920-buffered-stream — Buffered Stream

Functional Programming

Tutorial

The Problem

When processing a stream of items where each item requires significant I/O or computation, processing them one at a time creates a bottleneck. Buffered or concurrent processing allows N items to be in-flight simultaneously, keeping the processing pipeline saturated. This pattern appears in web crawlers (N concurrent HTTP requests), image processing pipelines (N images being resized in parallel), and database batch operations (N rows being processed simultaneously). The key challenge is bounding concurrency — allowing N concurrent operations without spawning unbounded threads. This example uses a semaphore to implement bounded concurrency.

🎯 Learning Outcomes

• Implement bounded concurrent processing using a counting semaphore

• Use Arc<Mutex<Vec<(usize, U)>>> for thread-safe result collection with ordering

• Understand how semaphore acquire/release controls concurrency level

• Use thread::spawn + join for parallel map with bounded parallelism

• Compare with OCaml's Lwt_pool for bounded concurrent processing

Code Example

#![allow(clippy::all)]
use std::sync::{Arc, Condvar, Mutex};
use std::thread;

struct Semaphore {
    count: Mutex<usize>,
    cond: Condvar,
}

impl Semaphore {
    fn new(n: usize) -> Arc<Self> {
        Arc::new(Self {
            count: Mutex::new(n),
            cond: Condvar::new(),
        })
    }
    fn acquire(&self) {
        let mut c = self.count.lock().unwrap();
        while *c == 0 {
            c = self.cond.wait(c).unwrap();
        }
        *c -= 1;
    }
    fn release(&self) {
        *self.count.lock().unwrap() += 1;
        self.cond.notify_one();
    }
}

fn buffered_map<T, U, F>(items: Vec<T>, concurrency: usize, f: F) -> Vec<U>
where
    T: Send + 'static,
    U: Send + 'static,
    F: Fn(T) -> U + Send + Sync + 'static,
{
    let sem = Semaphore::new(concurrency);
    let f = Arc::new(f);
    let results: Arc<Mutex<Vec<(usize, U)>>> = Arc::new(Mutex::new(Vec::new()));

    let handles: Vec<_> = items
        .into_iter()
        .enumerate()
        .map(|(i, item)| {
            let sem = Arc::clone(&sem);
            let f = Arc::clone(&f);
            let results = Arc::clone(&results);
            thread::spawn(move || {
                sem.acquire();
                let result = f(item);
                sem.release();
                results.lock().unwrap().push((i, result));
            })
        })
        .collect();

    for h in handles {
        h.join().unwrap();
    }

    let mut res = results.lock().unwrap().drain(..).collect::<Vec<_>>();
    res.sort_by_key(|(i, _)| *i);
    res.into_iter().map(|(_, v)| v).collect()
}

#[cfg(test)]
mod tests {
    use super::*;
    #[test]
    fn buffered_map_all_results() {
        let r = buffered_map(vec![1u64, 2, 3, 4, 5], 2, |x| x * 2);
        assert_eq!(r, vec![2, 4, 6, 8, 10]);
    }
    #[test]
    fn concurrency_1_sequential() {
        let r = buffered_map(vec![1, 2, 3], 1, |x: i32| x + 10);
        assert_eq!(r, vec![11, 12, 13]);
    }
}

(* OCaml: buffered concurrent processing *)

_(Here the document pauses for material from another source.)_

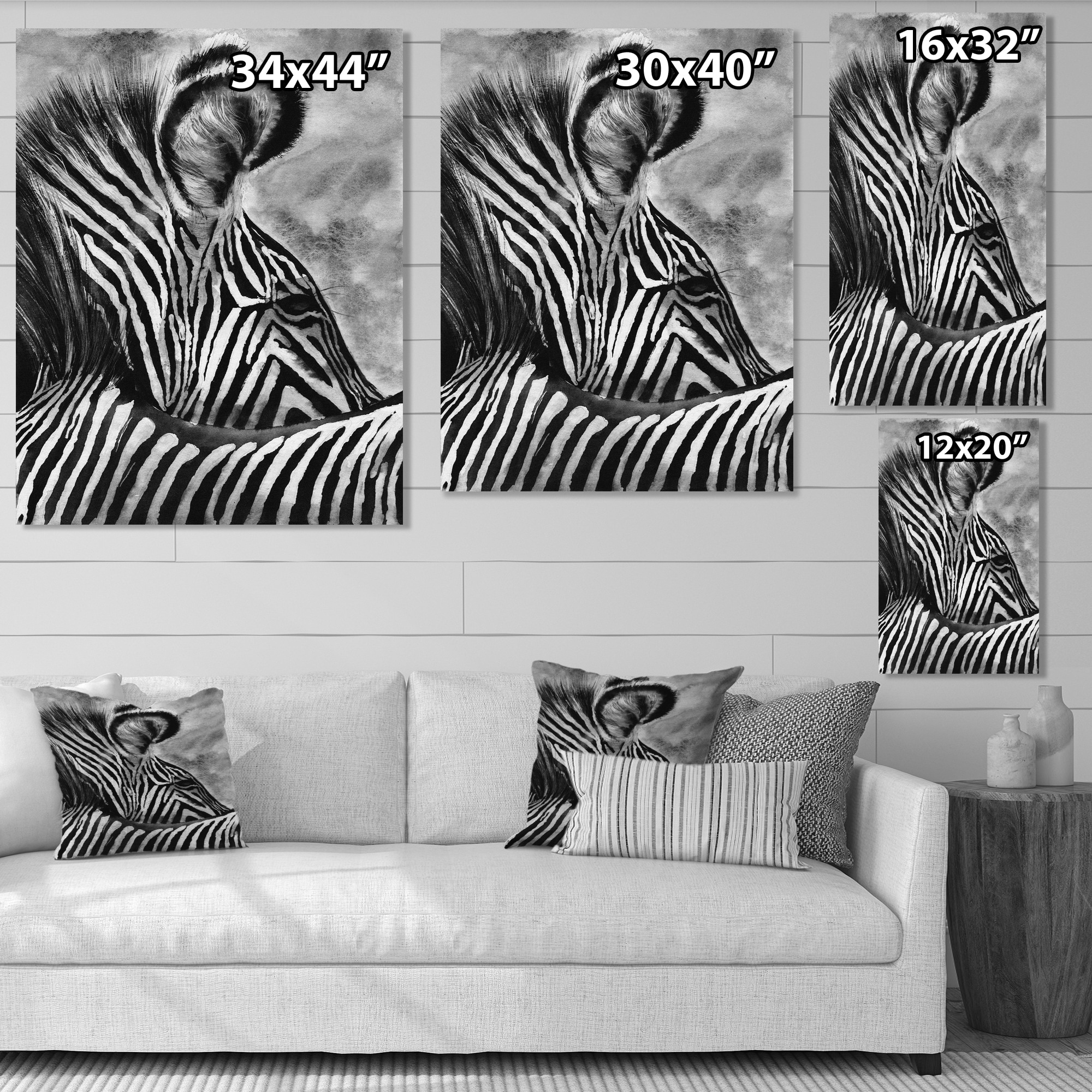 Designart "Zebra With Contrasting Black And White Stripes IV" Traditional Canvas Wall Art Print

let process_with_limit n items f =
  let sem = Semaphore.counting_semaphore n in
  let results = Array.make (List.length items) None in
  let threads = List.mapi (fun i item ->
    Thread.create (fun () ->
      Semaphore.acquire sem;
      let r = f item in
      results.(i) <- Some r;
      Semaphore.release sem
    ) ()
  ) items in
  List.iter Thread.join threads;
  Array.to_list results |> List.filter_map Fun.id

(* Simpler version using Thread pool concept *)
let chunked_process chunk_size items f =
  let chunks =
    let rec go acc = function
      | [] -> List.rev acc
      | lst ->
        let chunk = List.filteri (fun i _ -> i < chunk_size) lst in
        let rest  = List.filteri (fun i _ -> i >= chunk_size) lst in
        go (chunk :: acc) rest
    in go [] items
  in
  List.concat_map (fun chunk ->
    let threads = List.map (fun x -> Thread.create (fun () -> f x) ()) chunk in
    List.map Thread.join threads
  ) chunks

let () =
  let items = List.init 10 (fun i -> i + 1) in
  let results = chunked_process 3 items (fun x ->
    Thread.delay (float_of_int (11 - x) *. 0.005);
    x * x
  ) in
  List.iter (Printf.printf "%d ") results;
  print_newline ()

Key Differences

Semaphore in std: Rust std has no built-in Semaphore — must be built from Mutex + Condvar; OCaml's Lwt_pool is a higher-level abstraction.

Result ordering: Both need to track original indices for ordered output from parallel processing.

Thread vs lightweight: Rust uses OS threads (expensive per thread); OCaml's Lwt uses cooperative green threads (lighter per task).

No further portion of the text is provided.